• Everyday Art

    Yesterday I was the guest waiter at The Hunt and Darton Cafe in Colchester. The cafe is a pop-up experience: it arrives, lasts for a month and then leaves. Ordinarily it prefers to occupy empty shops in the high street, but a last minute let down means that this time they find themselves in the foyer of Firstsite. It's an art gallery but for the moment it's also empty. Until the arrival of the delicious Hunt and Darton that is.

    Everything in the cafe is art, including the customers. There is a business board that records the takings, the profit and loss, any complaints. Customers are required to chalk themselves in as covers. The cafe is styled with an ecclectic mix of furniture, old jigsaws and a vast array of mismatched crockery. Customers get to choose which record (yes, record) to play. Some days are 'you do it' days: the customers take turns to serve each other, or there are community days, where the customers are introduced to each other, encouraged to sit with people they don't know, and are applauded as they leave.

    As the guest waiter I was the Competitive Waiter: I was trying to be the best. I had four training zones. Each one represented an element of waitering that I felt was important and would contribute to being an Olympic waiter.
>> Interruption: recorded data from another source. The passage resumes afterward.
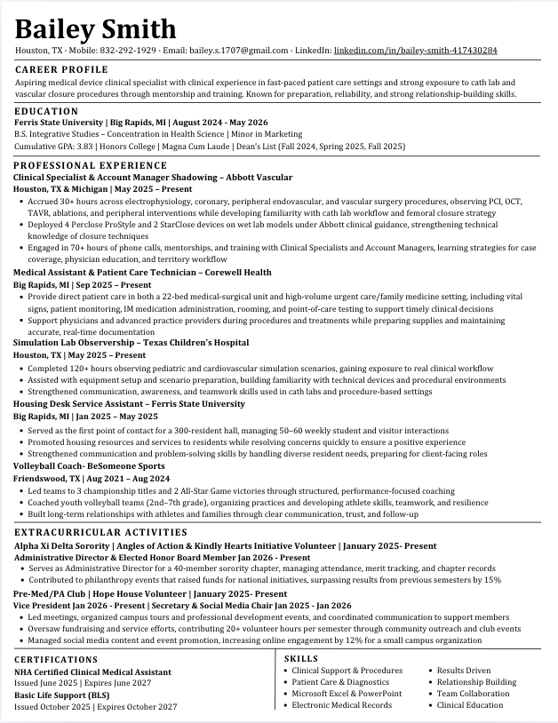 This resume outlines my clinical experience, leadership roles, and exposure to medical device sales, along with the skills I’ve developed in patient care, communication, and relationship building.
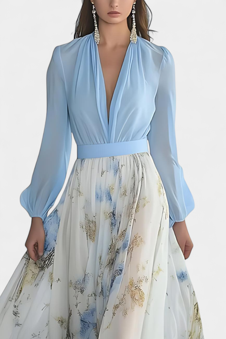 Elegancia etérea con un toque artístico y moderno. El vestido Eliane combina una parte superior fluida con escote en V profundo y mangas vaporosas, con una falda larga decorada en un delicado estampado floral tipo acuarela. Su movimiento envolvente y silueta refinada lo convierten en una pieza protagonista para brillar con naturalidad.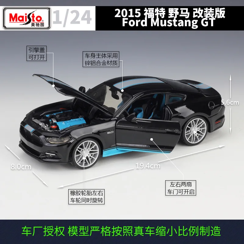 Модифицированный автомобиль Maisto 1:24 2015 Ford Mustang GT, сборные автомобили, строительные блоки, сборная модель автомобиля из сплава, коллекция игрушек, подарок
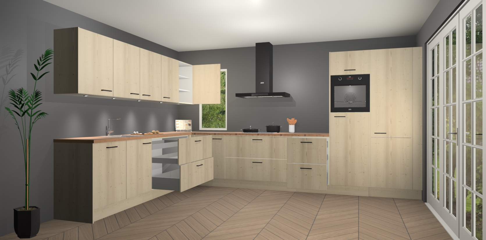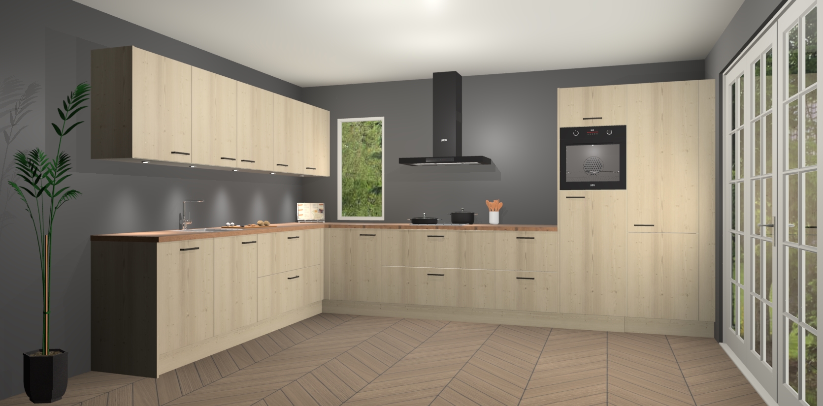 Kom dichtbij de perfecte keuken van uw dromen met de vuren keuken Harare. Met een prachtige houtlook en eigentijds ontwerp, straalt deze keuken warmte en sfeer uit. Of u nu liefhebber bent van traditionele of moderne stijlen, er is genoeg ruimte om aan al uw behoeften te voldoen.

Sometimes I trained on my own, sometimes I trained with the customers and sometimes the customers chose their own training zone.

    Training zone one was Waiting. Turns out I was rubbish at this. Not too bad if I knew what I waiting for, but rubbish without a purpose. I think I managed to last 10 seconds before I got distracted and wandered off. One customer told me she was so good at waiting that she missed the bus she was waiting for.
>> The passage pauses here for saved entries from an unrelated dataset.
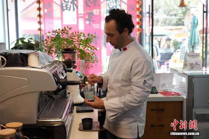 2025年1月13日,李逍遙在烘焙店中制作咖啡?!×_婕 攝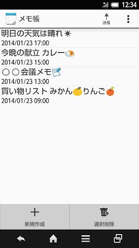 Jedná se o aplikaci Poznámkové telefony pro chytré telefony vytvořené společností Sharp. Podporuje také zadání emodži a registrované poznámky lze vložit do těla e -mailu, připojené k e -mailům nebo odeslány externě, což je velmi pohodlné.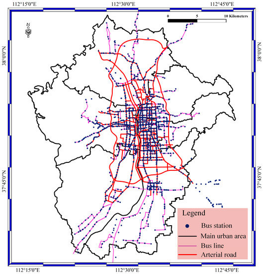 The six city areas and the spatial distributions of bus stations, bus lines and arterial roads in Taiyuan City, Shanxi Province, China.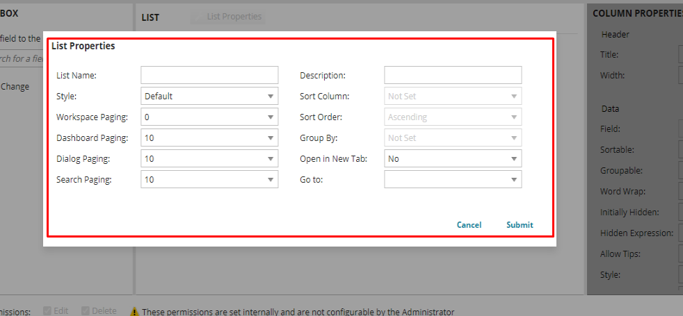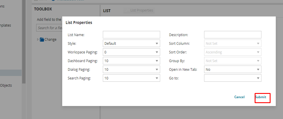 6.Haga clic en Enviar. La aplicación crea una lista vacía. Puede acceder a estos campos nuevamente haciendo clic en Propiedades de la lista.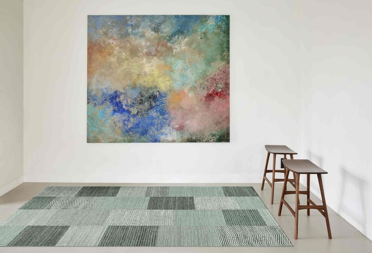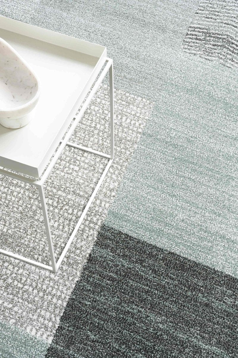 Machine-woven in polypropylene using renewable energy, this rug is an easy fit for living rooms, bedrooms, or home offices. Its cool palette works well with both light and dark furniture, creating a calm, cohesive backdrop for any space.

    Training zone two was Balancing. One gentleman and I spent some time balancing on one leg. I had another lengthy and very enjoyable conversation with another customer in which we managed to balance the world. If you suddenly felt everything was ok it was probaly because we had just put the world to rights. You're welcome. A group of lads spent some time practicing balancing objects on top of one another. They were skateboarders so were already very proficient in balancing. Dorian challenged me to balance a tray on the fingertips of one hand. The tray was to have a pyramid of glasses on, and I was supposed to be able to pour champagne in without looking. I progressed from just holding the tray to being able to balance the tray and a pineapple on my fingertips. Some work to go. However, my son has just come into the study and balanced my phone and my purse on my head and I'm pleased to say they didn't fall off. Perhaps my practice yesterday paid off.

    Training zone three was Being Deferential. This was a tricky one, not being too subservient but letting the customer know they were important. Not many people wanted to practice this one. It also felt like an extension of Balancing: the ability to balance good manners with an efficient service. Not being too obtrusive and not being too invisible.

    Training zone four was Not Judging. Perhaps the hardest training zone of all. Because as soon as you are aware of it you realise how much you judge. Sometimes it's a compliment: that's a good choice (complimenting good taste but also implying there is a bad choice). Sometimes it's just a case of keeping your opinions to yourself: having good manners (see training zone three).

    The Competitive Waiter wasn't quite as aggressive as I thought she might be. I had imagined she would be overly enthusiastic and perhaps a little overbearing, but actually the quest to be a good waiter led to a delicate dance between manners, grace, hard work and remembering what you're doing. Like the cafe itself, the Competitive Waiter is a piece of Everyday Art: offering the opportunity to have conversations you might not otherwise have had, and with people you might not otherwise have spoken to. It created the space to stop, think, connect and engage.

    Each training zone had it's own difficulties. Frank judged me as a 9/10, but said he doesn't give full marks (there's always room for improvement). I'm quite happy with that.